___ Data provided
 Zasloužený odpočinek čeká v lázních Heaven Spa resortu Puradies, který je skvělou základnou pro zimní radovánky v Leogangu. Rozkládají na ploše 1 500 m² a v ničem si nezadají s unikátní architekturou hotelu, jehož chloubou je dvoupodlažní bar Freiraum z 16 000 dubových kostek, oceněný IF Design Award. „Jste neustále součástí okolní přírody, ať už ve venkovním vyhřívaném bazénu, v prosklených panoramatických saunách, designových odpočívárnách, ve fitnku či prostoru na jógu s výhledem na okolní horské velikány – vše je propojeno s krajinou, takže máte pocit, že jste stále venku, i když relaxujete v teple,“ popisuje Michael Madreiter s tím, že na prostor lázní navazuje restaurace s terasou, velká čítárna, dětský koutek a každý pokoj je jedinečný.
______
___ Data provided
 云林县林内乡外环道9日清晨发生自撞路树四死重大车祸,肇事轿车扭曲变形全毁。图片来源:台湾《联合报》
______
___ Data provided
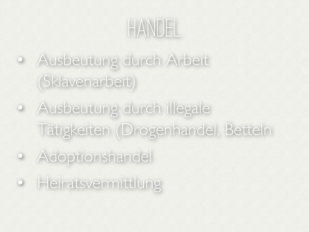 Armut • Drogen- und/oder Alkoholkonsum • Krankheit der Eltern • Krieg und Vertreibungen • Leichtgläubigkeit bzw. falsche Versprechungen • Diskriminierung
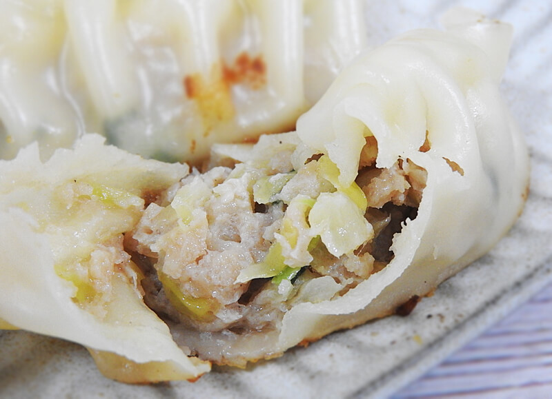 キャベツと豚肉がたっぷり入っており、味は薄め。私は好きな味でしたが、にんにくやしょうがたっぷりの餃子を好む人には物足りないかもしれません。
______
__Description of the task__: With the pictures omitted, copy the entries above exactly from the line containing "Armut • Drogen- und/oder" through the line containing "キャベツと豚肉がたっぷり入っ", both lines included.

__Task answer__:
 Armut • Drogen- und/oder Alkoholkonsum • Krankheit der Eltern • Krieg und Vertreibungen • Leichtgläubigkeit bzw. falsche Versprechungen • Diskriminierung
 キャベツと豚肉がたっぷり入っており、味は薄め。私は好きな味でしたが、にんにくやしょうがたっぷりの餃子を好む人には物足りないかもしれません。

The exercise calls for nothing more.